Autor | |
Gatunek | publicystyka i reportaż |
Forma | artykuł / esej |
Data dodania | 2021-02-21 |
Poprawność językowa | - brak ocen - |
Poziom literacki | - brak ocen - |
Wyświetleń | 897 |
NIEAKCJA
Pod koniec stycznia na ulicach zalegał śliczny śnieg. Taki w sam raz do tego, by zeń coś ulepić. Ale samemu – jak w seksie – jest nudno, tu potrzebny jest drugi człowiek. Obdzwoniłem więc znajomych, by kogoś namówić do współudziału.
Finalny projekt wyglądał tak: ulepimy dwumetrowy fallus przed Urzędem Wojewódzkim w Kielcach. Ten kontekst: wciąż trwają protesty Strajku Kobiet. Mógłbym iść na jeden z nich, ale jakoś mi z nimi nie po drodze, choć i mnie nie podoba się działanie rządzących. A taki bałwan… Nie ma zakazu lepienia bałwanów i nie ma wytycznych obowiązujących w kwestii ich kształtu. A lepienie bałwanów o tej porze roku jest naturalnym jak najbardziej działaniem. A że taka, a nie inna symbolika, i taka, a nie inna lokalizacja? No to co? Najwyżej w poniedziałek rano urzędnik rządowy, którego ten widok będzie gryzł w oczy, wyjdzie z biura i go rozdupczy. Albo komuś to zleci. Kto nie lepił bałwanów może nie rozumieć ile frajdy lepiącemu to dostarcza. Taki zwykły bałwan, konwencjonalnego kształtu dostarcza tej frajdy wiele, a taki niezwykły, o niebanalnym kształcie dostarcza jej więcej.

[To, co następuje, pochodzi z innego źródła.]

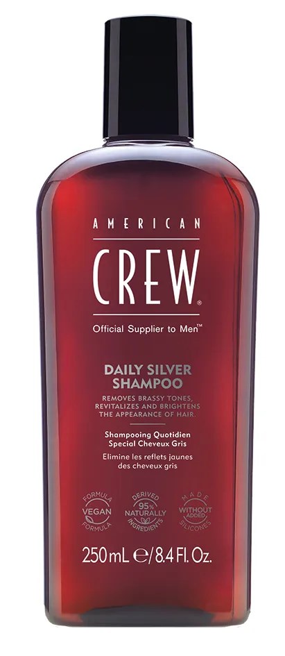 American Crew Daily Silver Shampoo 250ml Hair Care & Body Das American Crew Daily Silver Shampoo (250ml) ist speziell für Leute mit grauem, weißem oder blondem Haar entwickelt. Es hellt sanft auf und entfernt Kupfertöne, während es Feuchtigkeit spendet und das Haar pflegt. Mit 95% natürlichen Inhaltsstoffen, vegan und frei von Parabenen und Silikonen – ideal für die tägliche Anwendung. Highlight Neutralisiert Kupfertöne und betont den natürlichen Glanz Feuchtigkeitsspendend Vegan und frei von Parabenen und Silikone Inhalt: 250 ml Beschreibung Das American Crew Daily Silver Shampoo (250ml) aus der renommierten Hair & Scalp Pflegeserie bietet eine erstklassige Pflege für Herren mit grauem, weißem oder blondem Haar. Formuliert, um Kupfertöne zu neutralisieren und den natürlichen Glanz der Haare zu betonen, spendet dieses Shampoo intensive Feuchtigkeit und schützt vor Austrocknung. Die Formel enthält 95% natürliche Inhaltsstoffe und ist besonders sanft zur täglichen Anwendung geeignet. Zudem ist das Shampoo vegan und verzichtet auf Parabene und Silikone, wodurch es sich auch ideal für Bartträger eignet.
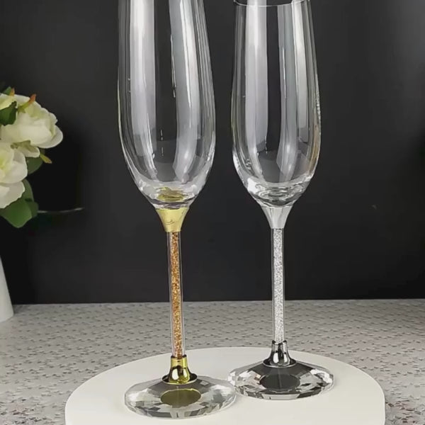 2 Taças para Champagne, em Cristal com Cristais na Base - Taças Prestige
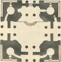 По углам пирамиды расположены четыре кельи, в которых жили монахи, служившие поминальные службы по павшим воинам[2]. Окна в кельи заметны на краях памятника.
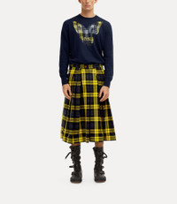 Our Culottes feature this season's woollen 'Moonshine' tartan motif, complete with vibrant hues and our signature letter-branded amber button fastening. The piece offers a wide-leg design, finished with a metal tab and an engraved detail adorning the front belt loop. Code: 3F01000C-W0175--NAVY-YELLOW - Features a mid-rise waistband - Fit true to size, take your normal size - Unisex design - Concealed side pockets - Front zip - Pressed pleats - Dropped crotch - Tonal stitching COMPOSITION - 100% Wool
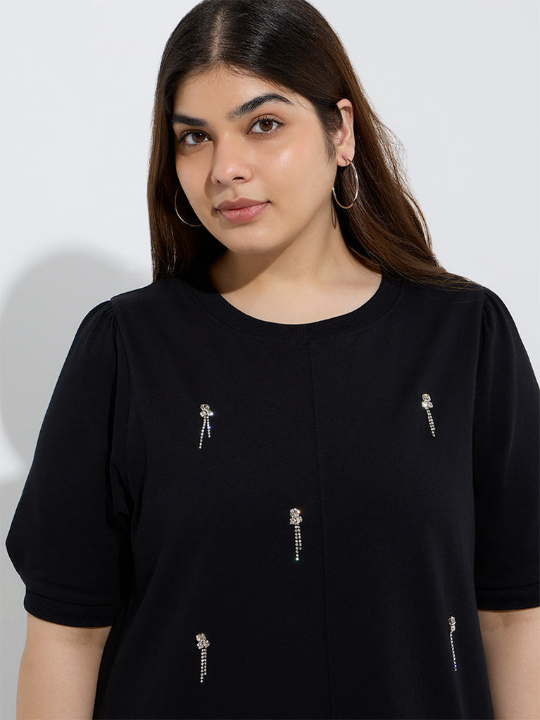 Gia presents this black A-line dress crafted from pure cotton for breathable comfort. Featuring subtle embellished detailing for a touch of shine, it is styled with a ribbed round neckline and half sleeves for a clean, contemporary finish.
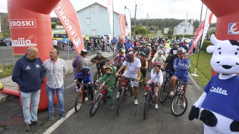 Antes de iniciar el recorrido, los participantes guardaron un emotivo minuto de silencio en recuerdo del joven portero del Meirás, vecino de Valdoviño, fallecido esta misma semana en un accidente de bicicleta en Narón. Y justo después la caravana ciclista tomó la salida desde el campo de fútbol de Vilaboa para disfrutar de un itinerario cómodo y familiar. «Debemos felicitarnos por la gran cantidad de niños y niñas en el Día da Bicicleta», señaló el alcalde, Alberto González, quien también destacó «el gran trabajo de la Policía Local y de Protección Civil, que colaboran para dar seguridad al evento». El regidor puso en valor además «el excelente entorno para descubrir ese Valdoviño interior, con las parroquias de Vilaboa y Loira como protagonistas», y agradeció la acogida del club Rosalía de Vilaboa y la colaboración de la cooperativa local. Entre el pelotón destacaba la pequeña Andrea, la participante más joven, que, con solo cinco años completó el recorrido en su bicicleta mini y, además, se llevó uno de los premios del sorteo final.

Jeszcze w pracy zapytałem Rafała. On w sobotę wieczorem bierze do siebie syna, więc jest zajęty. Czemu nie chciał zabrać syna na lepienie bałwana? Nie chciał i już.
Fenek, gdy zadzwoniłem, powiedział, że jest w Tatrach, dość daleko, więc nawet nie będzie rozważał tej propozycji.
Kinga właśnie wróciła ze spaceru, buty ma przemoczone, a zimowych ma tylko jedną parę, więc dla niej technicznie jest to niemożliwe.
Tokariew popsuł sobie nogę na nartach w górach i fajnie, ale nie.
Bromba jest pijany ( bo jest sobota) i może przyjść popatrzeć, chociaż raczej idzie spać do domu.
Ktoś tam jeszcze, i jeszcze ktoś. Pomysł fajny – to zgodna ocena wszystkich – ale nikt nie podejmuje się jego realizacji. No i zostałem sam z fajnym pomysłem. Brakło mi tego drugiego do siebie.